Vanadium oxide gel sample F intercalated with polyvinylpyrrolidone was placed in a prewetted Spectra/Por molecular porous membrane dialysis tube having a molecular weight cutoff of 12,000-14,000 and a dry thickness of 0.9 mil (23 microns). The tube ends were tied and the filled dialysis tube placed in a 4000 ml beaker of continuously replenished distilled water and allowed to dialyze for one week. The resulting vanadium oxide gel sample had a uniform dark reddish-brown coloration with no observable change in appearance.
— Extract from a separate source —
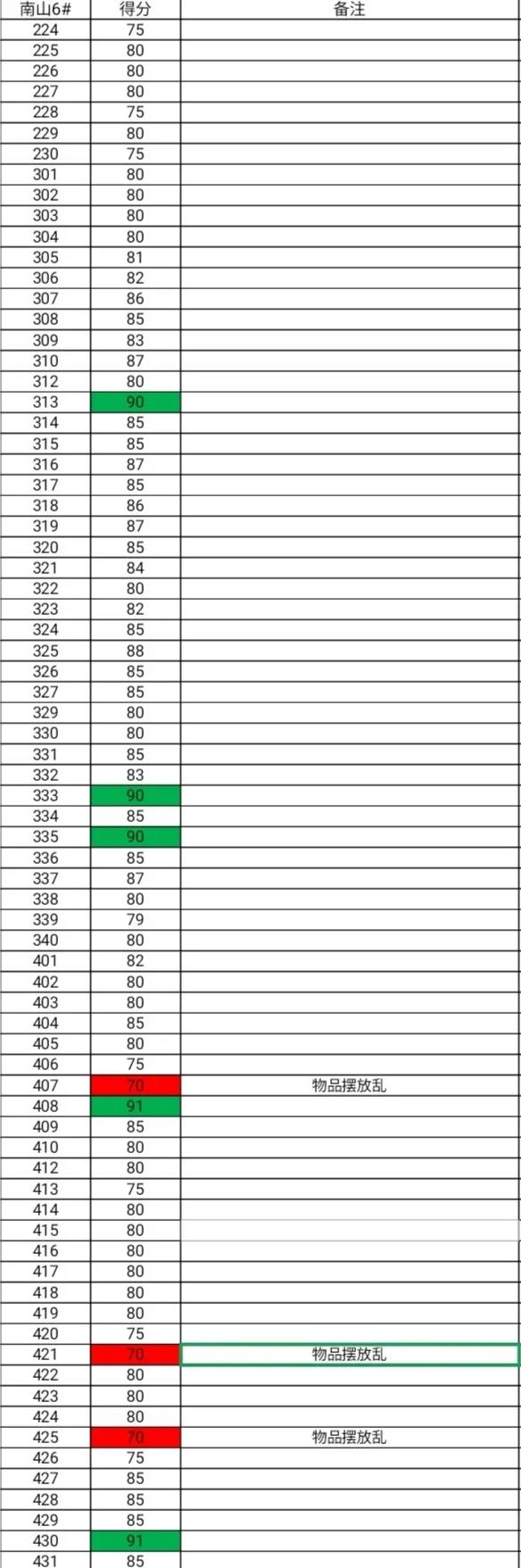 冶闻在线 | 91成人 第十三周宿舍卫生检查结果公示

A coating solution consisting of 0.0285 weight percent dialyzed vanadium pentoxide gel, 0.0285 weight percent terpolymer latex binder and 0.02 weight percent Triton X-100 (Rohm & Haas) was coated on a 4 mil (100 μm) thick polyethylene terephthalate support using a coating rod to give a 3 mil (76 μm) wet coverage and a nominal dry coverage of 0.022 g/m2. The terpolymer latex consisted of acrylonitrile, vinylidene chloride, and acrylic acid. The support had been coated previously with a typical primer layer consisting of acrylonitrile, vinylidene chloride, and acrylic acid. The surface electrical resistivity (SER) of the conductive layer was measured at nominally 20°C and 50% relative humidity using a two-point DC electrode method similar to that described in U.S. Pat. No. 2,801,191. For adequate antistatic performance, conductive layers with SER values of 10 log ohms/square or less are preferred. The SER value for the vanadium oxide gel coating was 8.3 log ohms/sq. indicating excellent antistatic properties for the dialyzed vanadium oxide gel.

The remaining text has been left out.